Cardiovascular Magnetic Resonance Contrast Agents

Although currently not approved by the US Food and Drug Administration (FDA) for cardiac imaging, the vast majority of cardiovascular magnetic resonance (CMR) studies use a gadolinium-based contrast agent. The CMR contrast agent typically makes diseased tissue appear brighter (or in some cases darker) than the surrounding tissue.
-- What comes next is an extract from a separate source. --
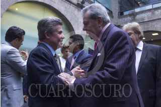 MÉXICO, D.F., 13ABRIL2015.- Los senadores, Zoe Robledo (PRD) Enrique Burgos (PRI); Arturo Zamora (PRI) y Roberto Gil Zuarth (PAN) durante la inauguración del seminario "La Constitución Análisis Rumbo a su Centenario". FOTO: ENRIQUE ORDÓÑEZ /CUARTOSCURO.COM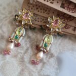 Handcrafted 22kt gold earrings featuring diamond polkies, multicolour tourmalines, and freshwater pearls — a luxurious blend of colour, sparkle, and traditional elegance.

Cardiovascular applications, such as magnetic resonance angiography (MRA), functional imaging of myocardial perfusion, and viability with late gadolinium enhancement (LGE) imaging of fibrosis represent the bulk of CMR scans that use a contrast agent. The first magnetic resonance (MR) approved contrast agent, gadopentetate (Gd-DTPA), appeared in 1988, and several other compounds followed. These first contrast agents were extracellular fluid (ECF) agents. Although frequently used in CMR and an essential component of CMR perfusion and LGE assessment of fibrosis, none of these agents is currently approved by the FDA for cardiac applications. Thus, the use of these agents in CMR is considered “off-label.” There are now also an approved hepatobiliary contrast agent and an intravascular agent designed specifically to enhance contrast-enhanced (CE) MRA. At the preclinical stage, there are exciting advancements in molecular imaging agents, including compounds that detect pH changes, enzymatic activity, specific biomolecules such as fibrin or collagen, and magnetically labeled cells.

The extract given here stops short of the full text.